Work item:
Beginning with the line containing "缤纷的飞雪、俏皮的精灵、舞动的灵蝶~ 还有精灵和蝴蝶飞过后留下的点点灵光~ 片片整体都变的灵动了呢,谢谢越梦大神" and going on through the line containing "New Directions Womens", the lines below are to be returned exactly, pictures excluded and nothing added.

::: Information provided :::

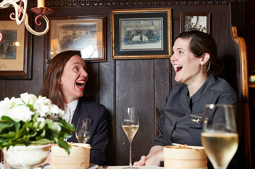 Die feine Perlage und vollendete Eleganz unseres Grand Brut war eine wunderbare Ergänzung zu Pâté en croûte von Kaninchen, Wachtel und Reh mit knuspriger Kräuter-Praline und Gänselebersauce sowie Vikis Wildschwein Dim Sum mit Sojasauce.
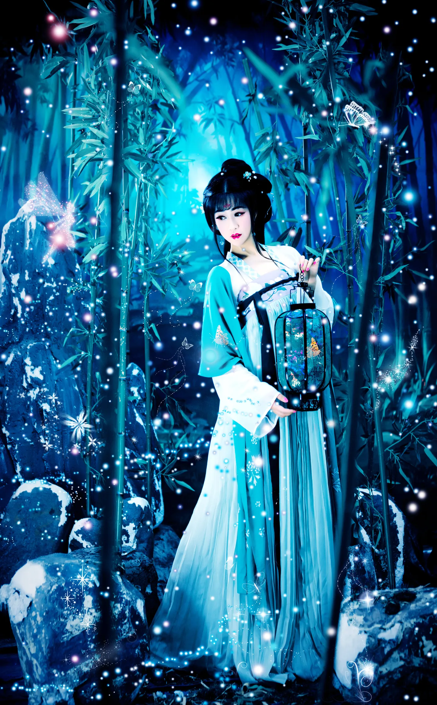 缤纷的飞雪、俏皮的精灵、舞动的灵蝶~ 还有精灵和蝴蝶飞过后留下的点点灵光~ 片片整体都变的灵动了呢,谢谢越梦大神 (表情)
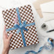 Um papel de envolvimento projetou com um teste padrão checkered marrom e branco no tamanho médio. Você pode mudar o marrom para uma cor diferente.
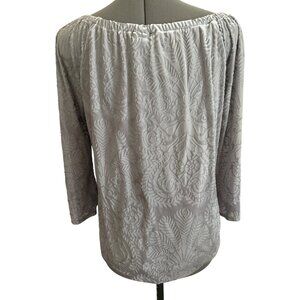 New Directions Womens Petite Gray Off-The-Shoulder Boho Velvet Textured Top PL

:::
::: Information provided :::

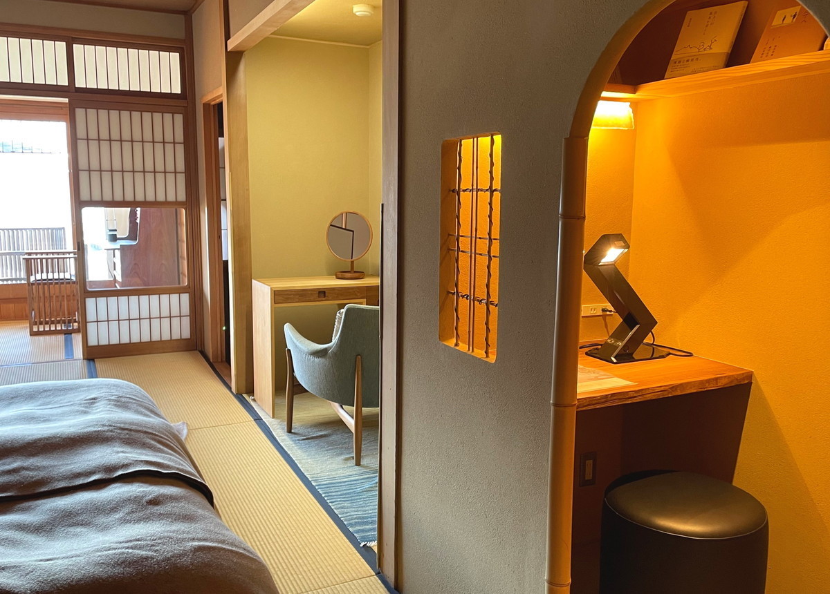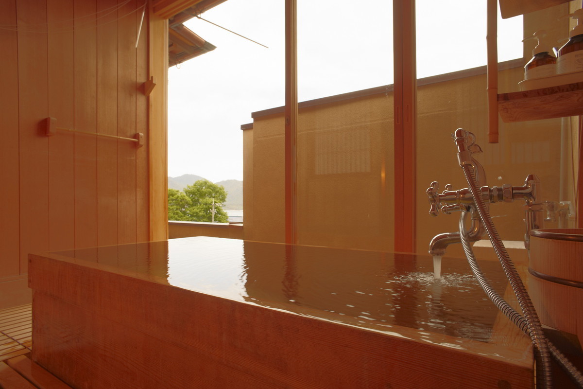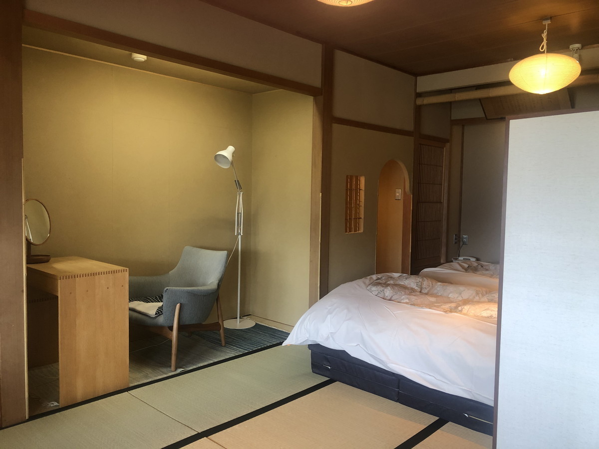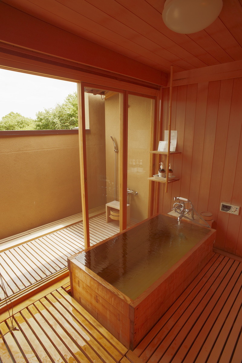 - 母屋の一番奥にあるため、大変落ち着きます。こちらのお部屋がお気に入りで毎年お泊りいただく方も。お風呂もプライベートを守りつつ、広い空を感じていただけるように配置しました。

:::

Result for this task:
 缤纷的飞雪、俏皮的精灵、舞动的灵蝶~ 还有精灵和蝴蝶飞过后留下的点点灵光~ 片片整体都变的灵动了呢,谢谢越梦大神 (表情)
 Um papel de envolvimento projetou com um teste padrão checkered marrom e branco no tamanho médio. Você pode mudar o marrom para uma cor diferente.
 New Directions Womens Petite Gray Off-The-Shoulder Boho Velvet Textured Top PL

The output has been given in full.